I’ll trust people like Karpathy and others who are genuinely smart af and not kumon products.
That people keep repeating a lie does not make it true.
- The METR paper surveyed just 16 developers to arrive at their conclusion. Not sure how that got past review. [0]
- The finding from the MIT report can also be viewed from a glass 5% full perspective:
> Just 5% of integrated AI pilots are extracting millions in value. > Winning startups build systems that learn from feedback (66% of executives want this), retain context (63% demand this), and customize deeply to specific workflows. They start at workflow edges with significant customization, then scale into core processes. [1]
[0] https://arxiv.org/abs/2507.09089
[1] https://mlq.ai/media/quarterly_decks/v0.1_State_of_AI_in_Bus...
That said, the non-tech-executive/product-management take on AI has often been an utter failure to recognize key differences between problems and systems. I spend an inordinate amount of time framing questions in terms of promises to customers, completeness, reproducibility, and contextual complexity.
However, for someone in my role, building and ideating in innovation programs, the power of LLM assisted coding is hard to pass up. It may only get things 50% of the way there before collapsing into a spiral of sloppy overwrought code, but we often only need 30-40% fidelity to exercise an idea. Ideation is a great space for vibe coding. However, one enormous risk in these approaches is in overpromising the undeliverable. If folks don’t keep a sharp eye on the nature of the promises they’re making, they may be in for a pretty wild ride; with the last “20%” of the program taking more than 90% of the calendar time due to compression of the first “80%” and complication of the remainder.

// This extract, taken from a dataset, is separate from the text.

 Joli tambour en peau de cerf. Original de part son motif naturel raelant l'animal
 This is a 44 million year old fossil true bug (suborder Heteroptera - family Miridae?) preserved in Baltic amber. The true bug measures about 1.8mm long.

We’re going to need to adjust. These tools are here to stay, but they’re far from taking over the whole show.
kind of makes me doubt the pullback. Maybe the hype's dying but it's getting along as an everyday tool?
I use Claude Code regularly at work and can tell it is absolutely fantastic and getting better. You obviously need to guide it well (use plan mode first) and point to hand coded stuff to follow, and it will save you enormous amount of time and effort. Please don't put off trying AI coding out after reading misinformed articles like this.

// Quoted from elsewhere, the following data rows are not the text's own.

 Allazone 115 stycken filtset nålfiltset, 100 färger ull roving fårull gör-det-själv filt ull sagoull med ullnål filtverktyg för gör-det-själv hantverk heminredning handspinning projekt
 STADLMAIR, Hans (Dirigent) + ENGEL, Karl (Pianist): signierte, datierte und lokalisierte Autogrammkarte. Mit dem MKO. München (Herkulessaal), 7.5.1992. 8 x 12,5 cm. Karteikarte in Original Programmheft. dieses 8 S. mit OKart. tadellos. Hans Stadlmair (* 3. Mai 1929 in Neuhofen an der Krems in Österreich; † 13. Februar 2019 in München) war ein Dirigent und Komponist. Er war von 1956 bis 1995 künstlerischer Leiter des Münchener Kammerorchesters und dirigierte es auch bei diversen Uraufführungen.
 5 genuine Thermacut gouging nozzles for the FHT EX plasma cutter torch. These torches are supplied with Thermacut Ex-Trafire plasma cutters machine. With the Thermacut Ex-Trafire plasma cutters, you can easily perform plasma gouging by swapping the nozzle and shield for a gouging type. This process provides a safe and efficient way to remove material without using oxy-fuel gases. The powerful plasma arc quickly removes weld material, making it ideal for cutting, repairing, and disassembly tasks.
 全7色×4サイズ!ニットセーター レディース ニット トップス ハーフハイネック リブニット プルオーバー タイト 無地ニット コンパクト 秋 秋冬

To people who aren't programmers, there isn't really the same kind of easily-verified use case. Most people can't tell at a glance that a business proposal or email is full of errors they need to correct, thus the stuff causes even more damage.
Unfortunately, programmers, as a rule, aren't terribly good at listening to the experiences and perspectives of non-coders, so I don't see this dynamic changing anytime soon.
… Excuse me, they were doing _what_? The world has gone mad. Unless you think a chatbot that doesn’t know how many ‘r’s are in strawberry is your peer you shouldn’t be using it for peer review, bloody hell.
At least in tech there’s still usually human code review which catches the worst of the magic robot-generated nonsense.